READ "THE WISDOM OF CROWDS" ( see my review of it) to undrstand why there can be no Arhat knowing more than all of us and rendering consciousnesss redundant.

Rating: 4 stars
Summary: An Interesting Inquiry into Vipassana Meditation
Review: Vipassana Meditation As Taught By S.N.Goinka is, indeed, a jewel. Unfortunately, because of the way his organization is structured, there are few sources of information or perspective on this meditation technique or on the experience of meditation apart from those written by S.N.Goinka himself or his teachers. "Beyond the Breath" by Marshall Glickman is a valuable addition to this too small body of literature.

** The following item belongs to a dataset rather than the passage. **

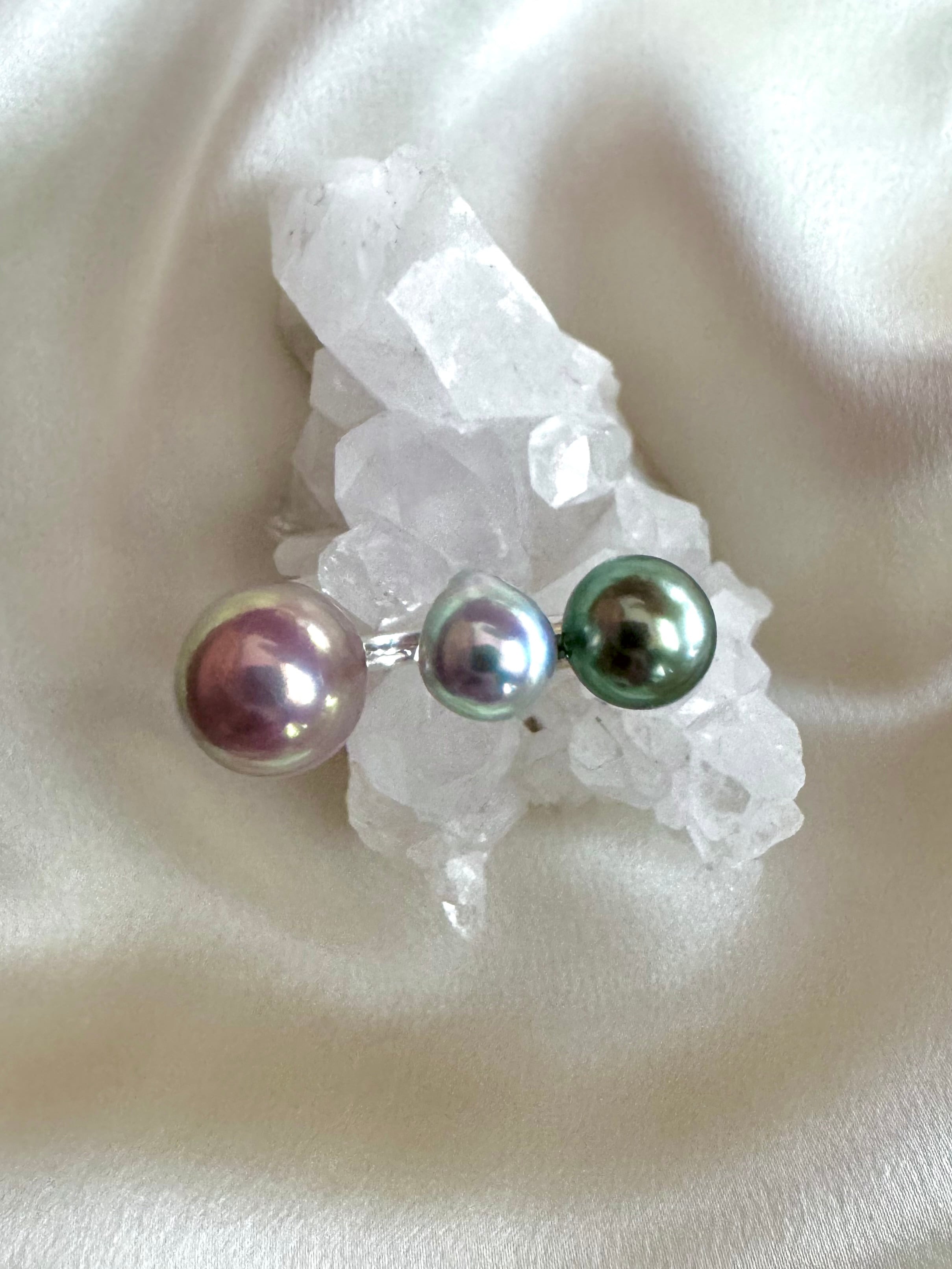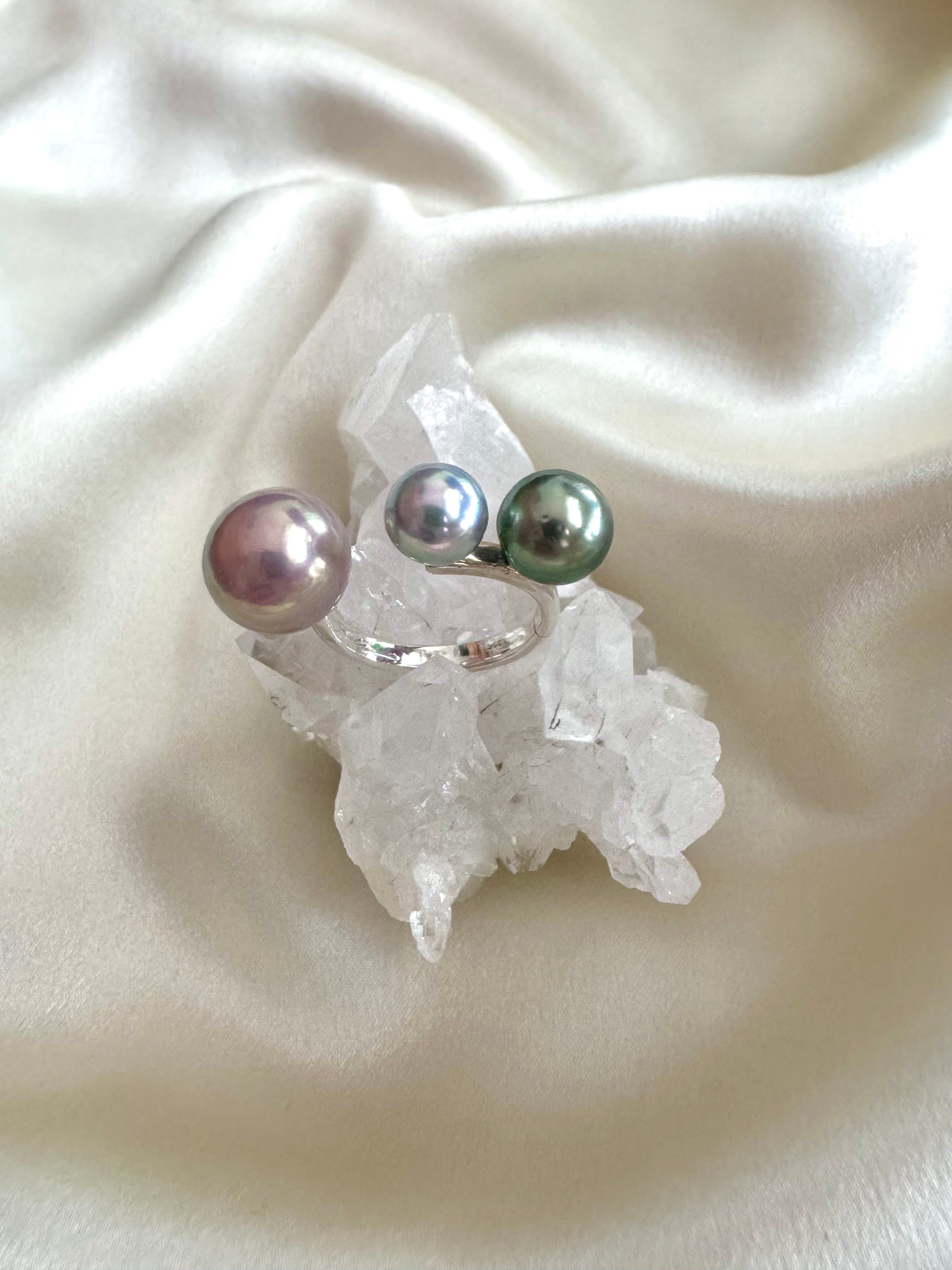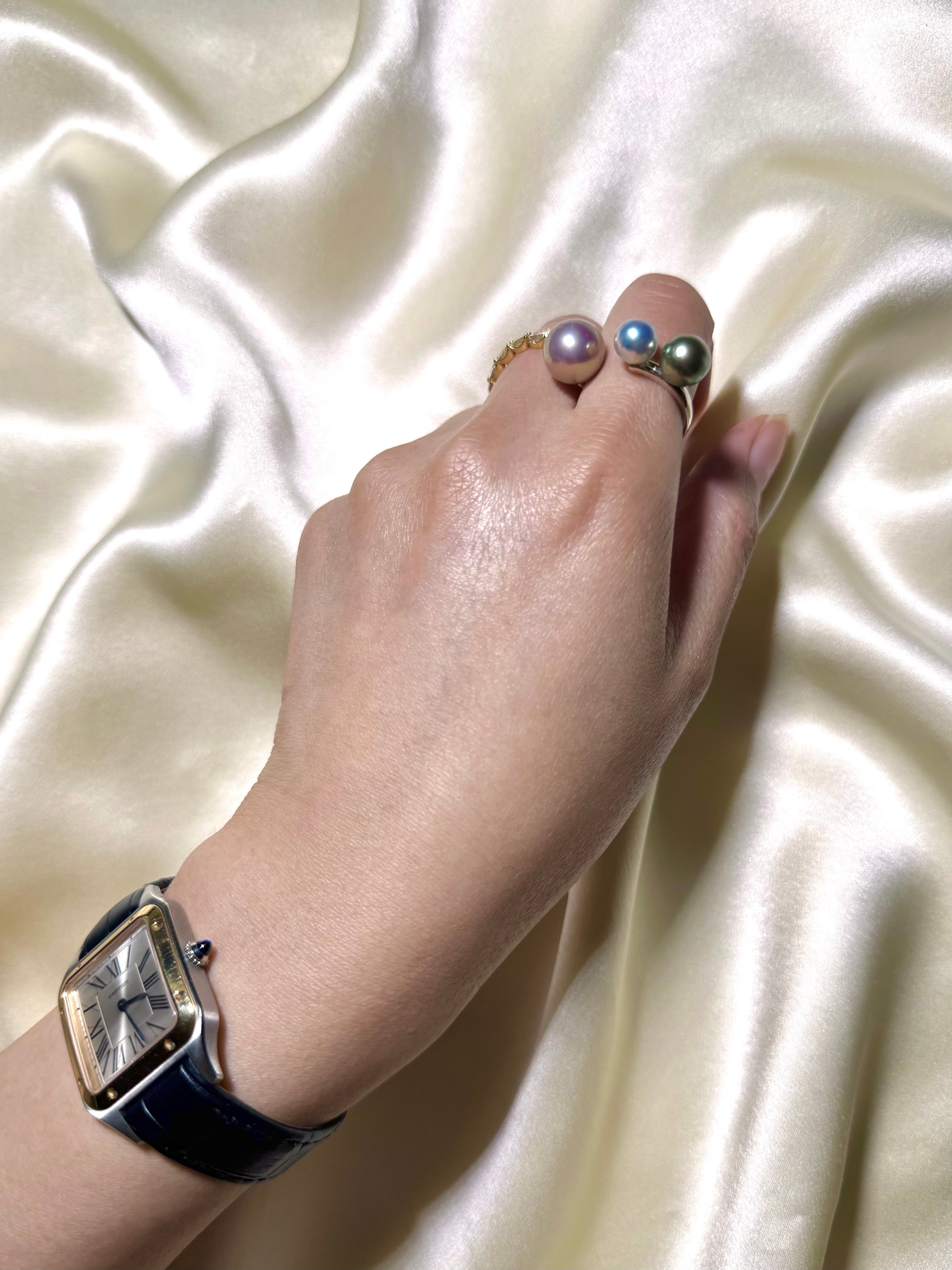 厳選したパールから更に厳選した珠を使用した拘りのパールたちが指の上で軌道を描くように配置されたモードなデザイン。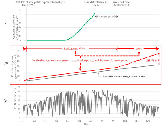 Difference in cumulative power generation for different shading rates set depending on growing conditions (b), cumulative growth of child potatoes (a), and PPFD changes (c).

In "Beyond the Breath" Marshall discusses Buddhism in general, Vipassana meditation in particular, and the scientific and biochemical underpinnings which make Vipassana meditation so effective. All of this in a simple and accessible style which both beginners and experienced meditators will read with enjoyment. Marshall points out some of the critical points concerning Vipassana mediation such as the fact that it is a gradual process; like "a dawn" rather then "a lightning bolt", that we must learn not to "confuse pleasure with happiness", and that the mind-body connection is such that it is possible to understand the term "mind" as including not only the brain and it's congnitive processes but also the body and it's physical sensations. He then goes on to explain how these and other abstract ideas from Buddhist philosophy and cosmology are realized in meditation practice and how such insights lead to a greater happiness.

I would, however, express reservations (or perhaps further stress similar assertions made by Marshall) concerning the practical and specific recommendations and meditation instructions contained in this book. I'm not certain that this form of Vipassana can be effectively learned by most people outside of a 10-day course. I would recommend reading these sections of the book as the particular opinions, perspectives and experiences of one meditator rather then as an instruction manual.